I thought my blog was my sanctuary, but I was wrong. Now it has been tainted, sullied, it no longer feels safe. And I’m not sure what to do about it.
It’s my fault really. I haven’t been careful enough. I have disclosed where I live and what I do. I’ve posted countless pictures of myself and my child. I always operated under the assumption that I was trying to make sure those in my real world wouldn’t be able to find it using a google search. I never really cared if those who had already found it figured out who I was.
I guess it’s silly to chide myself for that because that isn’t even what happened. What happened was entirely my fault because I gave my url to a few, very select people. I was under the deluded impression that if they read here they would understand me better. Evidently that could not be further from the truth.
This place is where I work things out, it’s where I attempt to make sense of the difficult things in my life. I am not proud of much of what I write here. I do not celebrate in the jealousy or anger or hurt I feel.

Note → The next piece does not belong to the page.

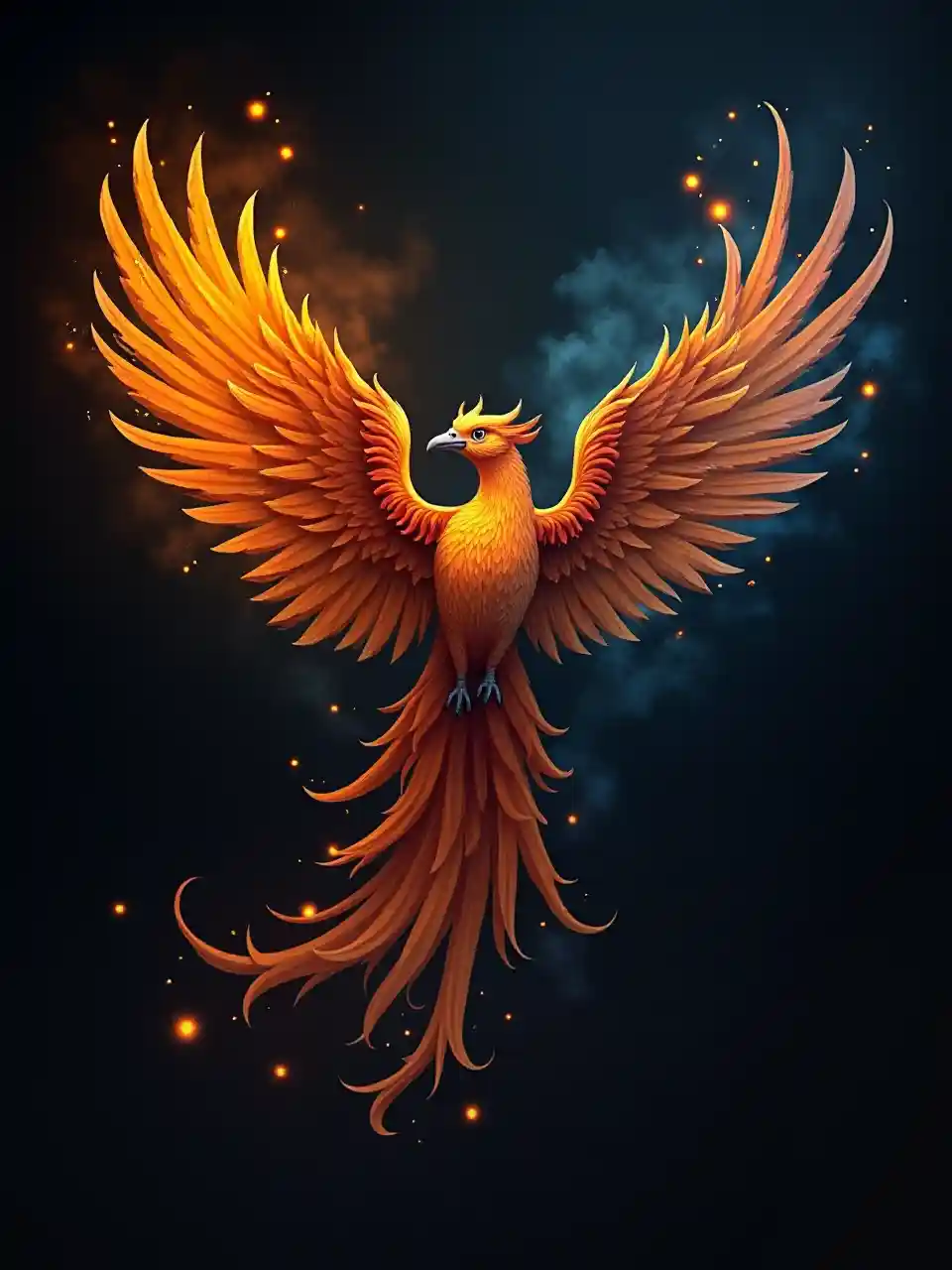 PianeerEn feniks med orange och blå vingar på svart bakgrund med eld och rök runt sina vingar, Chris LaBrooy, fantasy art, p, datorgrafik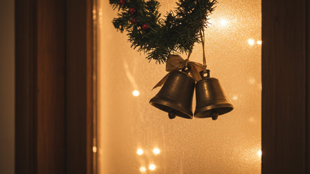 A beautiful brass bell dangles gracefully from a winter wreath, surrounded by lush greenery and bright red ornaments, creating a warm holiday welcome at the front door.

I don’t write these things down to give them power but to strip them of it.
This space is not an accurate representation of who I am. In fact, this space represents the part of me that nobody sees. That is why I come to this space to write these things, because I recognize many of them are horrible truths that I would never utter in real life.
This space was supposed to be safe, a place where I could deposit the toxic thoughts inside my head, where I could try to shine a light on the darkness I feel. Sure there are times I celebrate the good in my life here, but mostly I don’t because I can do that in real life, because those are thoughts I don’t have to hide from others. I come here to exorcise my demons, not to be judged for them.

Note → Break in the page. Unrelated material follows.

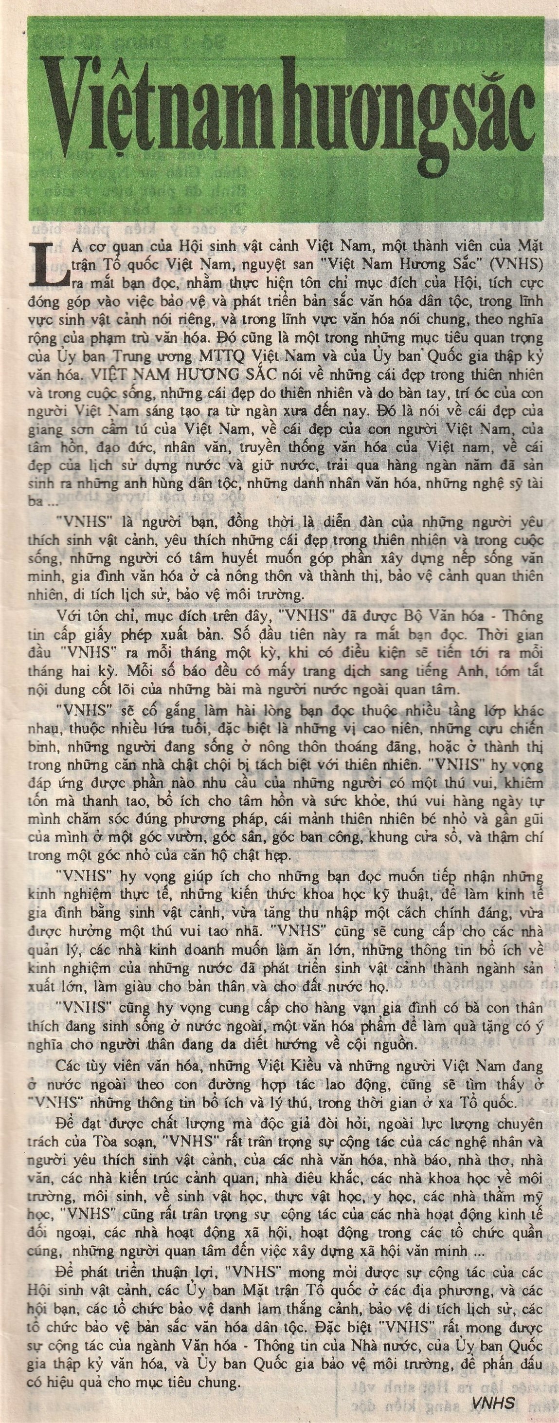 Ban Biên tập: Nhân dịp kỷ niệm 29 năm (1993-2022), Tạp chí Việt Nam Hương sắc ra số đầu, Ban Biên tập trân trọng giới thiệu cùng bạn đọc bài Xã luận là cương lĩnh, ngọn cờ hoạt động của Tạp chí trong suốt quá trình trưởng thành và phát triển. Từ đó đến nay, Tạp chí luôn đi đúng tôn chỉ mục đích của Hội Sinh vật cảnh Việt Nam, hướng tới khai thác và phản ánh cái hay, cái đặc sắc trong thiên nhiên và cuộc sống của con người; tâm hồn, đạo đức, nhân văn và truyền thống văn hóa tốt đẹp; ca ngợi lịch sử dựng nước và giữ nước trải qua hằng ngàn năm của dân tộc. Tạp chí Việt Nam Hương sắc còn là người bạn đồng hành, là diễn đàn của những người yêu thích sinh vật cảnh, hướng tới chân, thiện, mỹ, có tâm huyết xây dựng và bảo vệ môi trường sinh thái, di tích lịch sử, cảnh quan thiên nhiên gấm vóc của đất nước.

This place no longer feels safe for me, for reasons I can’t go into here. I don’t know what my next steps should be. Abandon this space and start something new, only inviting a select few who have commented and who I know are safe? Keep writing here but severely censoring what I write? It’s one thing to recognize I shouldn’t talk about specific people, which I have very rarely done, and another to say I can’t honestly describe how I’m feeling about certain topics, topics that I can only broach here. I just wonder what the point would be. I’ve never been interested in reading the day-to-day life-record blogs, I doubt I’d have any interest in writing one.
I honestly don’t know what my next steps should be. Already the absence of this haven in my life threatens to suck me into its vacuum. I no longer feel whole.
Sometimes you don’t realize how much something means to you, until it’s gone.